ICRFS-Plus™ Training videos for new users
If for any reason you are unable to view the training or demonstration videos, please contact our support staff at support@insureware.com and we will arrange to send you a copy of the videos on CD-Rom. You will be able to run the videos from the CD.
The training videos should be used for hands on training. We suggest you run the videos on a separate computer using a data projector, and train as a group.
The only way you will learn all the new concepts and be able to exploit all the immense benefits is by using the system. Experiential learning is imperative.
It is important that you study the videos in sequential order as set out below.
Table of Contents
1. Introduction to ICRFS-Plus™ 10.2 and modelling modules
2. Modelling using the Link Ratio Techniques and Extended Link Ratio Family modules
3. Introduction to the Probabilistic Trend Family modelling framework
4. Modelling real data (CTP) in the PTF modelling framework
8. Further PTF Modelling Examples
10. Uneven Sampling periods, updating, and various other topics
- 10.1 Uneven Sampling Periods and collapsing
- 10.2 Accident Year Hetero, Model Parameters, and the testing the Wizard
10. Uneven Sampling periods, updating, and various other topics
10.1 Uneven Sampling Periods and collapsing
What does an uneven triangle look like? We explore "C uneven" an annual by quarterly dataset from the Workbook and compare it with "C even" a quarterly by quarterly representation of exactly the same data, made by interpolating zero rows into the array. "C even" represents the way that we would have gained access to this data for modelling purposes prior to version 10.2.
We show that modelling with the two versions produces identical results. This is immediately true of the SGI starting model, but for the wizard to produce identical models in either case we must set up the modelling preferences for the wizard to respond identically when there are few data points. We show how to do this and then how to save and load customised wizards.
The forecasts for the two cases are also seen to be identical, but an important change in the forecast table is shown, since the summary by calendar periods can no longer be placed next to the first development year column as they will be over very different sizes.
We consider the issue of smoothing a model after the wizard has placed a large number of parameters. This is more likely to arise with uneven sampling periods in the calendar or development directions as they may have a great many periods.
How to remove parameters. How to detect seasonality and where present to interpolate seasonal effects into the forecast scenario.
We illustrate collapsing by collapsing "C even" to create a replica of "C uneven". The need to match the starting period is stressed.
Updating uneven triangles by the addition of diagonals works in the same way as updating even triangles. We show how previous models are carried over to the updated TG and how this makes for ease of monitoring of forecasts and targets.
The video demonstrating Uneven Sampling Periods, Collapsing and Updating is approximately 35 minutes long.
10.2 Accident Year Hetero, Model Parameters, and the testing the Wizard
The contents of this video include more on Accident year hetero, how to store model parameters and how to test the wizard.

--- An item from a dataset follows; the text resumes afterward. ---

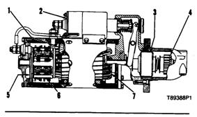(1)磁場(2)螺線管(3)離合器(4)齒桿(5)轉向器(6)電刷套件(7)電樞

We look at how to test for accident year hetero in real data. Two TGs from the Workbook, ABC and Wcom are analysed. We begin with a wizard model and then choose Manual Hetero/Accident year hetero. A straighforward procedure of fitting all variances and then optimising suffices to test for significant accident year hetero changes. In both of these cases accident year hetero is ruled out. Accident year hetero usually indicates a change in the mix of risks and hence there are usually other trend changes involved, so MPTF modelling is recommended.
When we save a model in ICRFS-Plus we are actually saving a parameter structure. The working parameters are recalculated from the data each time we open a model, and this is what makes it interesting to transfer models between different TGs. It is also possible to save the exact parameter values as well as the structure. In this case parameter uncertainty is no longer a factor. We do this via Test/Save Model Parameters. We show how to load such a parameter model and note that this kind of model does not include any zero-weighting of outliers such as might have been a part of the original model. We can obtain exactly the same forecast output from a normal model and a parameter model if we exclude parameter uncertainty in the forecast from the normal model.
We note that parameter uncertainty contributes not only to standard deviation of the forecast values but also increases the forecast means.
We create a simulation from a set of parameters that has almost no process variability. In this case the wizard exactly recreates the original set of parameters. As we increase the process variability the wizard estimates are likely to deviate more and more from the values used to create the simulation. This is because trends can be masked by process variability. Awareness of this is important in formulating good forecast scenarios. For example if the final calendar trend in a model is zero this may be because an underlying positive trend was picked up but had too much associated variability to survive optimisation. We can place parameters to inspect these trends in order to create conservative forecast scenarios.
The video demonstrating Accident Year Hetero, Model Parameters, and the testing the Wizard is 15 minutes long.